## WHAT YOU ARE ASKED TO DO:
With the pictures removed, write out the full listing below exactly.

## DATASET EXCERPTS:
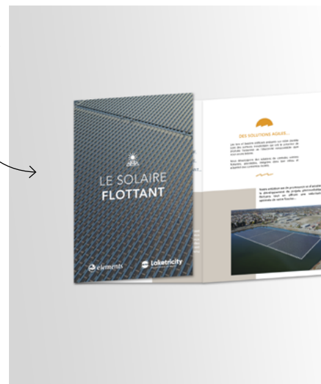
Brochure Commerciale Laketricity
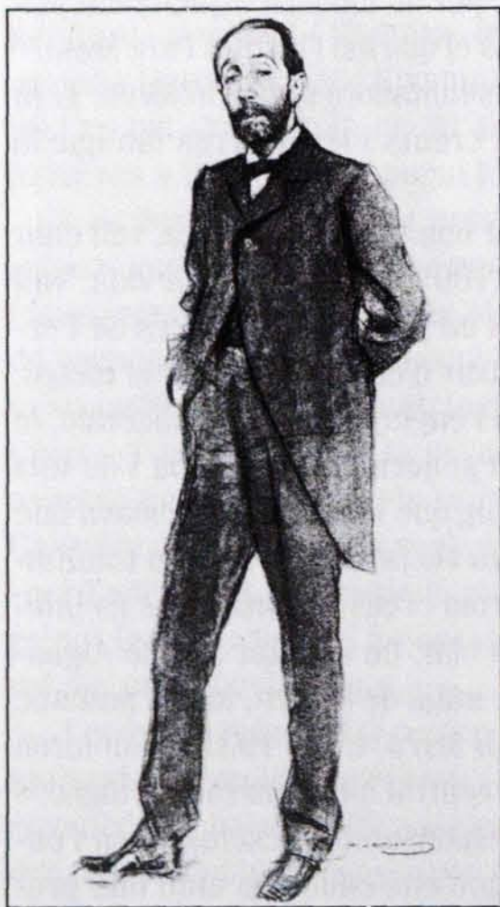
Figura 58. - L'acció sanitària i social de Bartomeu Robert (1842-1902) com a alcalde de Barcelona fou el tema d'una conferència de l'Onzè Congrés (En un retrat de Ramon Casas)
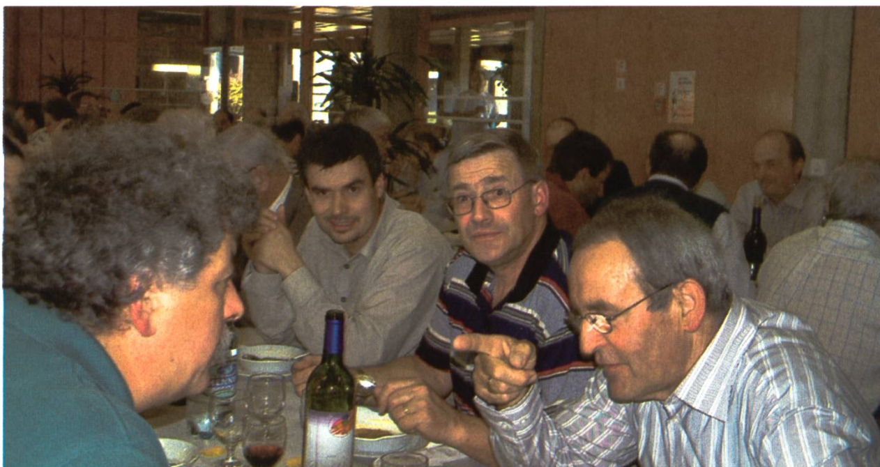
Un président cantonal et imprimeur attentif...

L'assemblée des délégués 2006 aura lieu dans le Jura, à Porrentruy
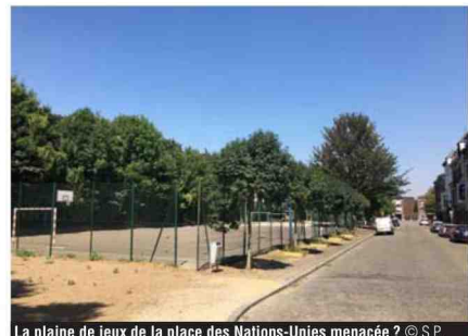
La plaine de jeux de la place des Nations-Unies menacée ?
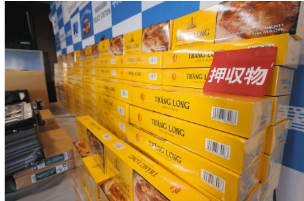
県警がベトナム人グループから押収したたばことみられる商品

特定技能などで日本に在留しながら資格外でたばこを販売したとして、愛知県警は入管難民法違反容疑で、いずれもベトナム国籍で富山県射水市に住む24～35歳の男女計6人を逮捕、4日に送検した。6人はベトナムから密輸したたばこを在日ベトナム人ら延べ9千人に売り、1億円以上を売り上げていたとみられる。逮捕容疑では2月18日～5月2日、6人が住む集合住宅で、無許可で製造たばことみられる商品の販売業を営み、在留資格にない活動をしたとされる。県警は認否を明らかにしていない。
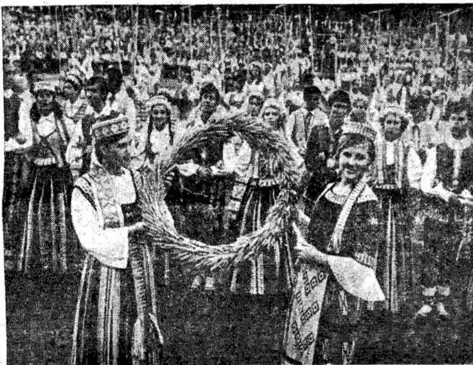
Scena iš Liaudies ansamblių vakaro Kalnų parke. (A. Brazaičio nuotrauka).
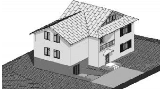
Рисунок 1. Общий вид двухэтажного коттеджа
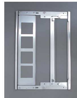
プロファイラー一体搬送型
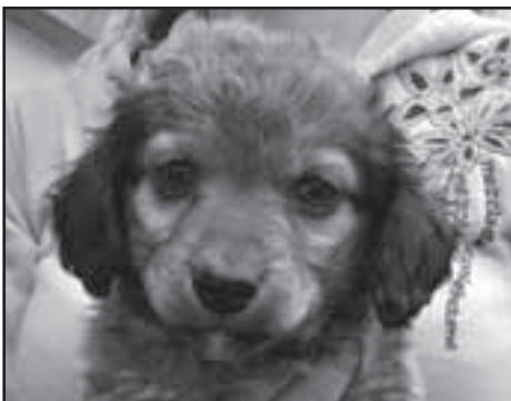
Štěňátko - pejsek – křížec zřejmě pudla a jezevčíka, stáří cca 8 týdnů.
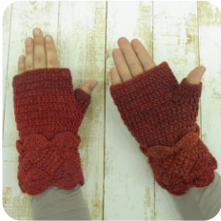
デザイン・制作 大江千比美
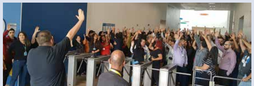
ATENTO – Itaquera

## RESULT OF THIS EXERCISE:
Brochure Commerciale Laketricity
Figura 58. - L'acció sanitària i social de Bartomeu Robert (1842-1902) com a alcalde de Barcelona fou el tema d'una conferència de l'Onzè Congrés (En un retrat de Ramon Casas)
Un président cantonal et imprimeur attentif...

L'assemblée des délégués 2006 aura lieu dans le Jura, à Porrentruy
La plaine de jeux de la place des Nations-Unies menacée ?
県警がベトナム人グループから押収したたばことみられる商品

特定技能などで日本に在留しながら資格外でたばこを販売したとして、愛知県警は入管難民法違反容疑で、いずれもベトナム国籍で富山県射水市に住む24～35歳の男女計6人を逮捕、4日に送検した。6人はベトナムから密輸したたばこを在日ベトナム人ら延べ9千人に売り、1億円以上を売り上げていたとみられる。逮捕容疑では2月18日～5月2日、6人が住む集合住宅で、無許可で製造たばことみられる商品の販売業を営み、在留資格にない活動をしたとされる。県警は認否を明らかにしていない。
Scena iš Liaudies ansamblių vakaro Kalnų parke. (A. Brazaičio nuotrauka).
Рисунок 1. Общий вид двухэтажного коттеджа
プロファイラー一体搬送型
Štěňátko - pejsek – křížec zřejmě pudla a jezevčíka, stáří cca 8 týdnů.
デザイン・制作 大江千比美
ATENTO – Itaquera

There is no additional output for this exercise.